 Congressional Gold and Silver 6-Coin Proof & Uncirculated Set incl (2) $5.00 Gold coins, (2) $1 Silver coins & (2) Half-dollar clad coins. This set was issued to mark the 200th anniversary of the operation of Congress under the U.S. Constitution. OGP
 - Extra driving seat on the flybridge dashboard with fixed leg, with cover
____
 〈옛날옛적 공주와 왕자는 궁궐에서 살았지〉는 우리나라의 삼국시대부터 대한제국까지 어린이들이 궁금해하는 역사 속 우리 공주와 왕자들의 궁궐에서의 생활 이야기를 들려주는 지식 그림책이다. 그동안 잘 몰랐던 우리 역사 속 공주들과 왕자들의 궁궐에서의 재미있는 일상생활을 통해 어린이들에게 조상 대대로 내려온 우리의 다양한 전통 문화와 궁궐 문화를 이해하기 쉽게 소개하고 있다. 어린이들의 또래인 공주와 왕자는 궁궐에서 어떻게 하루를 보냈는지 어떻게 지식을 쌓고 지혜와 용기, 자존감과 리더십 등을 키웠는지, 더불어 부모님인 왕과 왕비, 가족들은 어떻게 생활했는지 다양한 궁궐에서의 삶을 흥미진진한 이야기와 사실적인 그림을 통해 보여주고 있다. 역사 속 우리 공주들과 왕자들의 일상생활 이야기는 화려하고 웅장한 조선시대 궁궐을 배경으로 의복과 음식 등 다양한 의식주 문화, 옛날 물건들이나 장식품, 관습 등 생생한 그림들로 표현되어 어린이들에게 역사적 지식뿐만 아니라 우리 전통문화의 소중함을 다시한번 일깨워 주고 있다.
____
Exercise details >> Only the lines above starting at the one containing "Congressional Gold and" and ending at the one containing "- Extra driving", both included, are to be returned, exactly as they read.

Task answer >>
 Congressional Gold and Silver 6-Coin Proof & Uncirculated Set incl (2) $5.00 Gold coins, (2) $1 Silver coins & (2) Half-dollar clad coins. This set was issued to mark the 200th anniversary of the operation of Congress under the U.S. Constitution. OGP
 - Extra driving seat on the flybridge dashboard with fixed leg, with cover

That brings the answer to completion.